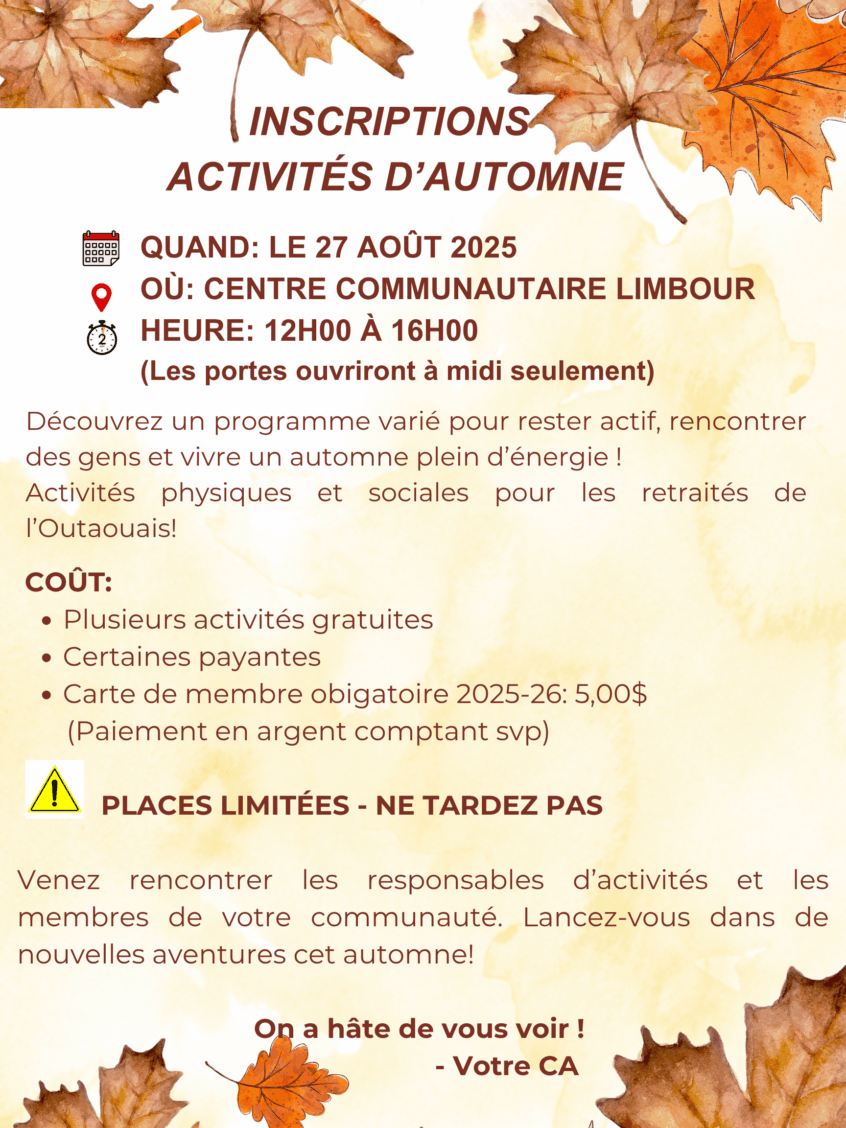 Nous sommes heureux de vous annoncer l’ouverture des inscriptions pour les activités d’automne ! Rejoignez-nous le 28 août pour découvrir notre programme varié et stimulant. Que vous soyez passionné de bien-être ou simplement curieux de vivre de nouvelles expériences, il y en a pour tous les goûts ! Le Centre propose une multitude d’activités sociales et physiques pour les retraités … En savoir plus
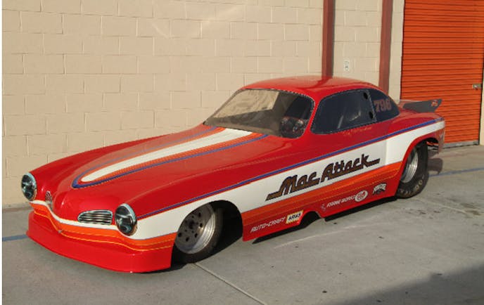 The car, being sold as a roller with the engine (with it turbocharger, injection, and exhaust but in need of a refreshen) available separately, has a two-speed Powerglide transmission, a pair of converters, the driveshaft, and a Keith Longerot-built rear end housing installed or included. The body itself, carrying the familiar “Mac Attack” logo seen on the early family-owned Top Fueler, is a truly one-off piece housed around what is, likewise, a one-off race car.
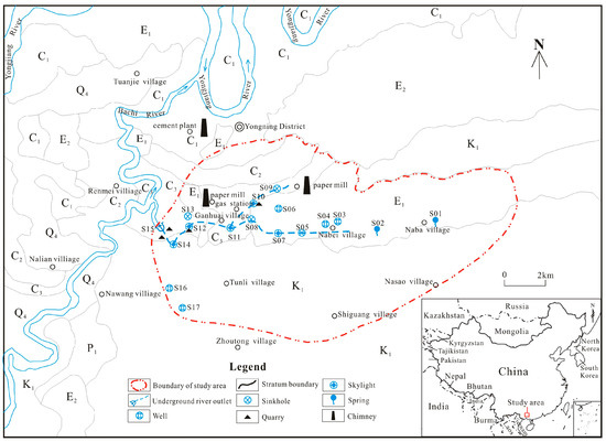 The main recharge source of groundwater in the study area is atmospheric rainfall recharge, and the recharge mode is plane infiltration recharge. Groundwater flows from east to west, and the main mode of groundwater runoff is pipeline water runoff. Groundwater is finally discharged in Qing-shui Spring Village in the form of underground river outlet (S15), and then flows into Bachi River. Groundwater depth ranges from 15–30 m. The underground river flow ranges from 0.9–3.2 m3/s, with the maximum flow in June and the minimum flow in January, which is closely related to rainfall. There are two underground river pipelines in the area, one is the main pipeline with a length of about 6.6 km (east–west trend), and the other is the branch pipeline with a length of about 1.9 km (northeast–southwest trend). The branch pipeline merges into the main pipeline at the skylight (S11) of Ganhuai Village. The underground river has become one of the main drinking water sources in Nanning, with an annual water supply capacity of 0.19 million cubic meters, mainly covering parts of Yong-Ning District and Liang-qing District, providing living water for about 270,000 people. The main pollution sources of PAHs in the basin include cement plants, paper mills, quarries and gas stations, etc.
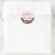 The sticker is made on wonderful paper and had no problem sticking to the bag that I purchased to put it on. I wanted to find a design that would be cute for the bride and groom and this one fit the bill as it has cute "bees" buzzing around and the wedding was taking place in a town called "Bee Cave". The packaging was great and protected the stickers. The website is easy to navigate and there are so many color choices. I had no problem finding a color that the bride was using on everything else selected. The design was adorable and there were many to choose from. You can make the figure as larger or smaller and you can place the photo and writting whereever you want to in the sticker. The printing is fabulous..better than expected.

EXERCISE DIRECTIONS:
Once the pictures are set aside, give the rest of the listing again exactly.

EXERCISE RESPONSE:
 Nous sommes heureux de vous annoncer l’ouverture des inscriptions pour les activités d’automne ! Rejoignez-nous le 28 août pour découvrir notre programme varié et stimulant. Que vous soyez passionné de bien-être ou simplement curieux de vivre de nouvelles expériences, il y en a pour tous les goûts ! Le Centre propose une multitude d’activités sociales et physiques pour les retraités … En savoir plus
 The car, being sold as a roller with the engine (with it turbocharger, injection, and exhaust but in need of a refreshen) available separately, has a two-speed Powerglide transmission, a pair of converters, the driveshaft, and a Keith Longerot-built rear end housing installed or included. The body itself, carrying the familiar “Mac Attack” logo seen on the early family-owned Top Fueler, is a truly one-off piece housed around what is, likewise, a one-off race car.
 The main recharge source of groundwater in the study area is atmospheric rainfall recharge, and the recharge mode is plane infiltration recharge. Groundwater flows from east to west, and the main mode of groundwater runoff is pipeline water runoff. Groundwater is finally discharged in Qing-shui Spring Village in the form of underground river outlet (S15), and then flows into Bachi River. Groundwater depth ranges from 15–30 m. The underground river flow ranges from 0.9–3.2 m3/s, with the maximum flow in June and the minimum flow in January, which is closely related to rainfall. There are two underground river pipelines in the area, one is the main pipeline with a length of about 6.6 km (east–west trend), and the other is the branch pipeline with a length of about 1.9 km (northeast–southwest trend). The branch pipeline merges into the main pipeline at the skylight (S11) of Ganhuai Village. The underground river has become one of the main drinking water sources in Nanning, with an annual water supply capacity of 0.19 million cubic meters, mainly covering parts of Yong-Ning District and Liang-qing District, providing living water for about 270,000 people. The main pollution sources of PAHs in the basin include cement plants, paper mills, quarries and gas stations, etc.
 The sticker is made on wonderful paper and had no problem sticking to the bag that I purchased to put it on. I wanted to find a design that would be cute for the bride and groom and this one fit the bill as it has cute "bees" buzzing around and the wedding was taking place in a town called "Bee Cave". The packaging was great and protected the stickers. The website is easy to navigate and there are so many color choices. I had no problem finding a color that the bride was using on everything else selected. The design was adorable and there were many to choose from. You can make the figure as larger or smaller and you can place the photo and writting whereever you want to in the sticker. The printing is fabulous..better than expected.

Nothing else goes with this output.